Plaintiff alleges that, having received no response to her January 17, 2012

request for validation from NES, she sent another letter to NES requesting validation

on February 17, 2012. Plaintiff alleges that, in response, she received a letter from

NES stating NES had received the account information from National Colligate Trust,

but that NES did not provide validation or proof of the debt.

Plaintiff alleges that, in its efforts to collect the alleged debt, NES made several

calls to Plaintiff’s cell phone using an automatic telephone dialing system and/or an

artificial or prerecorded voice without Plaintiff’s consent.

Plaintiff alleges she again disputed the alleged debt and that, on March 22, 2012,

she received letters from TransUnion and Equifax confirming the alleged AES debt

was again listed as a zero balance and all derogatory remarks related to the alleged debt

were deleted from her TransUnion and Equifax reports.

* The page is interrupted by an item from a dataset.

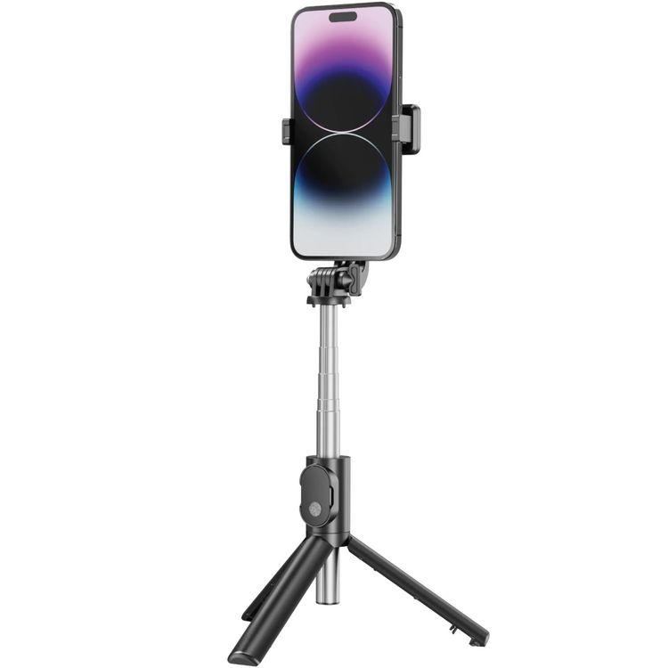 عصا سيلفي ثلاثية القوائم من Green Lion بتصميم مانع للانزلاق، دوران 360°، حامل ثلاثي قابل للطي، سيلفي بلمسة واحدة، سعة بطارية 70 مللي أمبير - أسود

Plaintiff alleges that, on April

20, 2012, she received confirmation that the debt was also removed from her Experian

report.

Plaintiff alleges that, just a few a days later, on March 26, 2012, Plaintiff

received a letter from MRS stating it too was attempting to collect the same AES debt. 

Plaintiff alleges that, on April 2, 2012, she called MRS to dispute the debt and request

validation. Plaintiff alleges the MRS representative refused to give his name and

refused to provide validation, stating MRS did not own the loan but that MRS was

collecting the debt on behalf of AES. Plaintiff alleges MRS made a number of calls to

Plaintiff – at least one in which an MRS representative refused to identify himself and

then called Plaintiff a profane name and several other calls using an automated dialer

and/or an artificial or prerecorded voice without Plaintiff’s consent.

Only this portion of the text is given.